A roughly year-long legal battle over the Florida Dept. of Transportation’s selection of a contractor for an $800-million Miami bridge project is over, with a Fluor-led team officially rejected in favor of an Archer Western-led joint venture.

The Fluor-Astaldi-MCM (FAM) joint venture, which placed second during a best-value procurement process in 2017, argued that FDOT’s selection process wrongly minimized the importance of competitors’ aesthetic scores for the “signature bridge” project. The FAM team had earned higher aesthetic scores than the joint venture of Archer Western and de Moya Group, known as AWD.

FDOT’s emphasis on aesthetics during the procurement was the result of a 2013 lawsuit by former Miami Commissioner Marc Sarnoff, who had sued the agency on behalf of Miami residents who demanded a “signature” bridge. Sarnoff filed a new complaint against FDOT in 2017 in response to the agency’s initial selection of Archer Western.

The state agency’s request for a design-build-finance proposal described a four-step process that included: short-listing, pass-fail review by the aesthetics committee, scoring the technical and aesthetic submissions, and the price and financial proposal submission.

In an April 10, 2018, ruling on the bid protest, state administrative law judge Hetal Desai concluded the Miami bridge project’s procurement was “conducted in full compliance with all applicable laws, and the award to AWD did not violate the agency's governing statutes, rules or policies, or the solicitation specifications.”

As ENR previously reported, Sarnoff had contended that the third step of FDOT’s review should have required separate votes on the competing proposals’ aesthetics and technical merits. However, the RFP did not actually specify the voting process for that third step.

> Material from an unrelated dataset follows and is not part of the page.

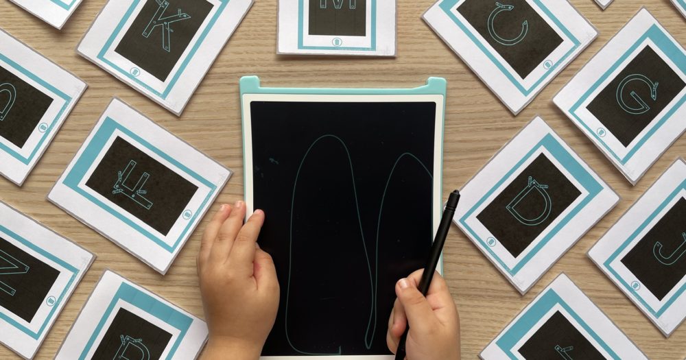 Nous avons reçu une tablette de la marque Buki à tester, et je vous le dis: elle est validée! Shérine et Maya l’ont énormément aimée, elle est facile à utiliser et légère. J’ai préparé un pdf avec l’alphabet pour Maya qui commence à écrire.

On this point, Desai concluded “the language of the RFP identifying the preliminary nature of the bidder's drawings and designs and the Written Confirmation Letter was not erroneous.”

The FAM team formerly dropped its legal protest on April 18. On April 30, FDOT Secretary Mike Dew signed an order allowing the agency to execute a contract with the Archer Western-de Moya joint venture team.

A construction schedule has not been determined yet, said FDOT spokesperson Tish Burgher.

Officials with Fluor and Archer Western declined to comment on the matter.